Personal information
- Born: February 10, 1981 (age 45) Fort Lauderdale, Florida, U.S.
- Listed height: 1.87 m (6 ft 2 in)
- Listed weight: 81 kg (179 lb)

Career information
- High school: Deerfield Beach (Deerfield Beach, Florida)
- College: Georgia Southern (1999–2003)
- NBA draft: 2003: undrafted
- Playing career: 2003–2020
- Position: Point guard / shooting guard

Career history
- 2003–2005: Nürnberg
- 2005–2006: Bree BBC
- 2006–2011: ALBA Berlin
- 2011–2012: Brose Baskets
- 2012–2015: EWE Baskets Oldenburg
- 2015–2016: Budućnost Podgorica
- 2016–2020: Science City Jena

Career highlights
- 6× All-Bundesliga Team (2007–2011, 2014); 2× German League champion (2008, 2012); 3× German Cup winner (2009, 2012, 2015); Montenegrin League champion (2016); Montenegrin Cup winner (2016); 2× Bundesliga MVP (2008, 2010); Bundesliga Finals MVP (2008); 3× Bundesliga Best Offensive Player (2007–2010);

= Julius Jenkins =

American basketball player

Julius Jenkins (born February 10, 1981) is an American former professional basketball player. He played college basketball at Georgia Southern University before playing professionally in Germany, Belgium and Montenegro.

==College career==
Jenkins played at Georgia Southern University for four seasons from 1999 to 2003. As a senior, he averaged 21.7 points, 4.9 rebounds, 3.4 assists, and 1.1 steals per game in 27 games while shooting .455 from the field, .418 from three-point range, and .718 from the free-throw line. He finished his collegiate career as Georgia Southern's all-time leading scorer, with 1,870 points. For his senior year performance, Jenkins earned All-Southern Conference honors from both the coaches and media, and was named to the SoCon All-Tournament Second Team. He later went undrafted in the 2003 NBA draft.

==Professional career==
He signed a contract extension with ALBA through the 2010–2011 season after being named the German League's MVP in 2008.

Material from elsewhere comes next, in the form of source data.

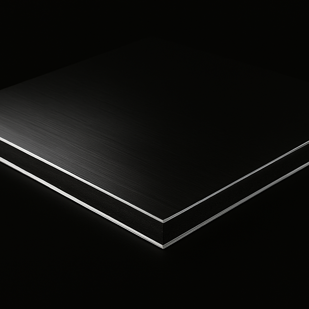 Das belichtete Foto wird auf eine 3 mm starke Alu-Dibond-Platte kaschiert – einem Verbund aus zwei dünnen Aluminiumschichten und einem schwarzen Polyethylenkern.
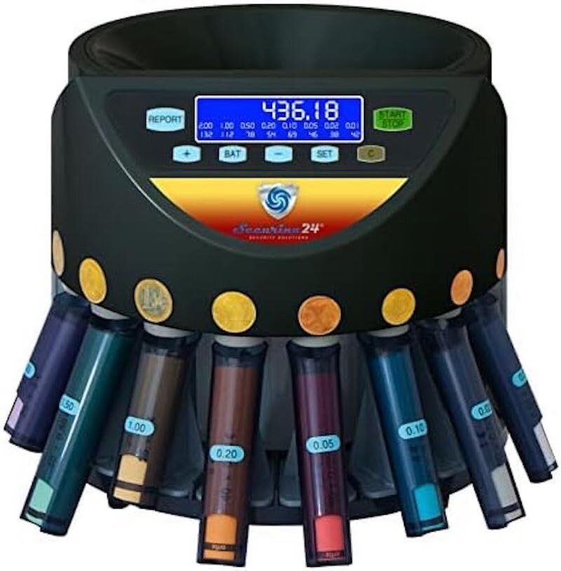 Securina24 Münzzähler Münzählmaschine SR-1200 LC mit Abhülsung und Starterpaket Münzhülsen
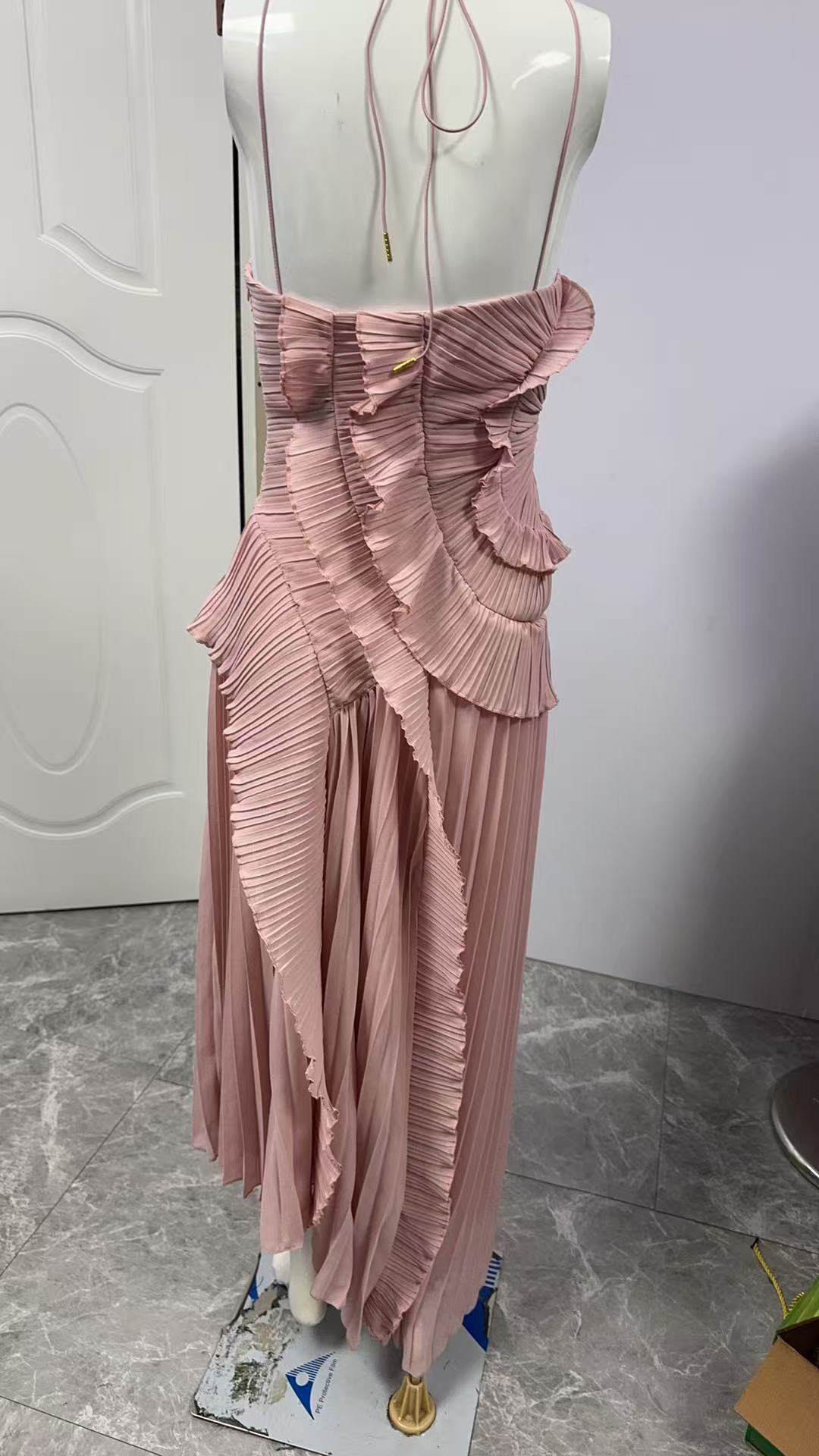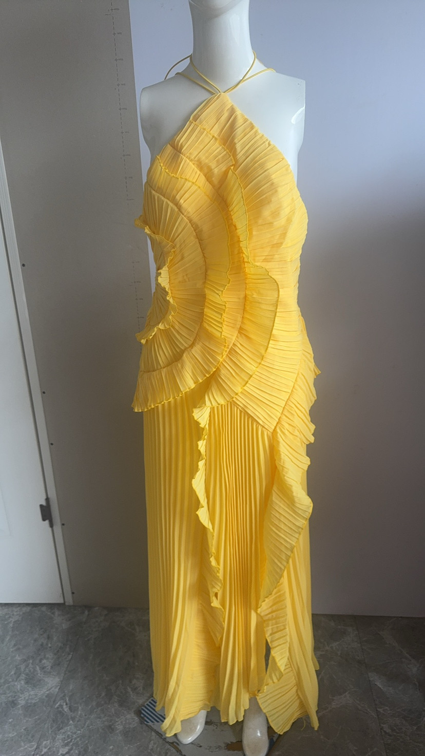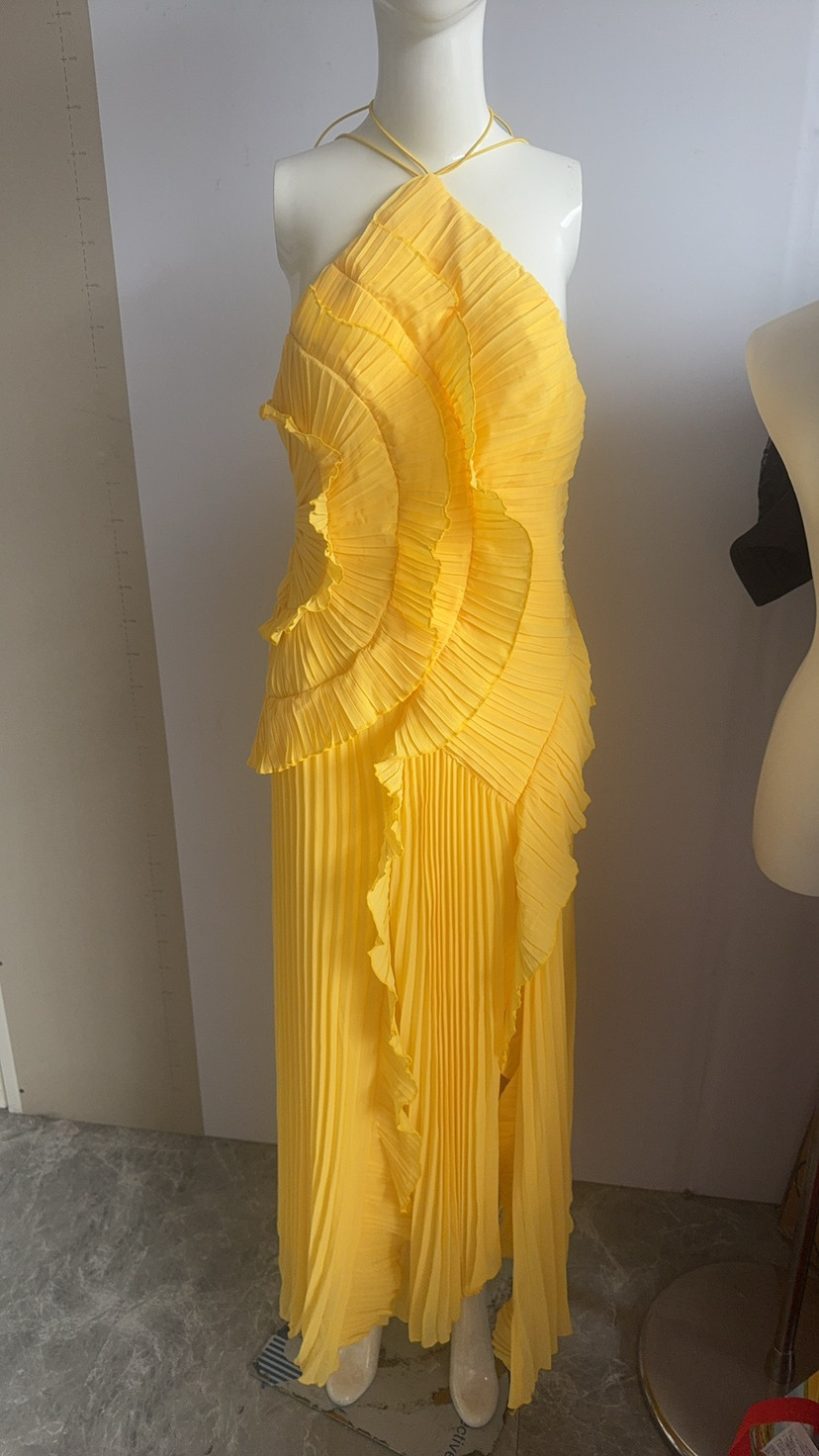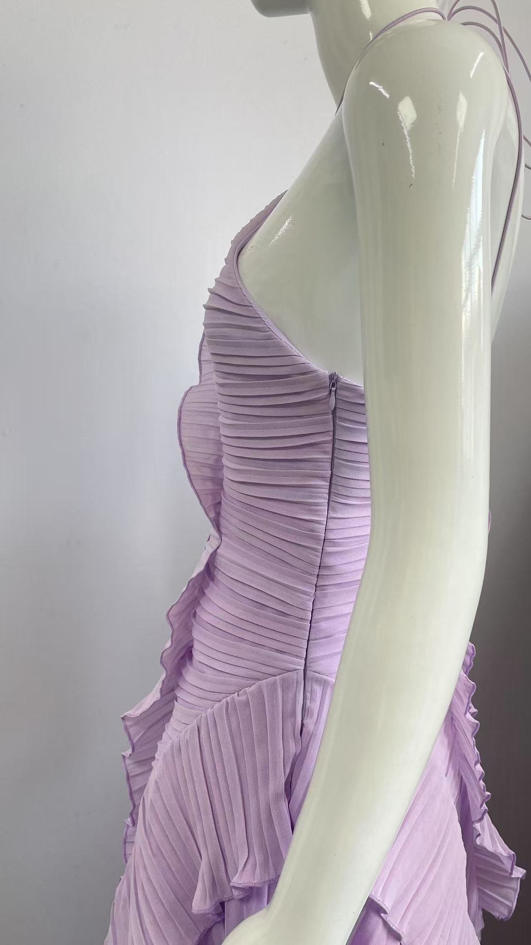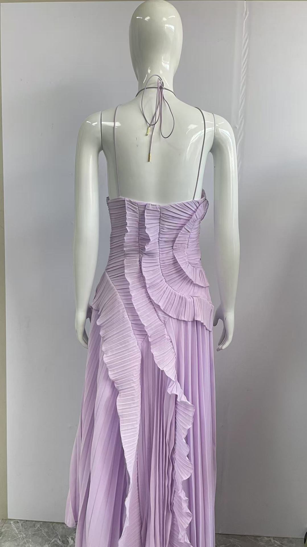여성용 고급 쉬폰 드레스, 러플 주름 디자인, 슬리밍 중간 길이 스커트, 유럽 및 미국 패션스토어 가기

Before joining ALBA Berlin, Jenkins played professionally for RCE Nürnberg, also in Germany, and Euphony Bree in Belgium.

In July 2011 he signed a two-year deal with Brose Baskets in Germany. After only one year in Bamberg the club decided to cut him.

In July 2012, he sign a two-year deal with the EWE Baskets Oldenburg in Germany. In July 2014, he re–signed with Oldenburg.

On December 19, 2015, he signed with the Montenegrin club Budućnost Podgorica for the rest of the season.

On August 23, 2016, he signed with German club Science City Jena. On March 6, 2017, he re-signed with Jena for one more season.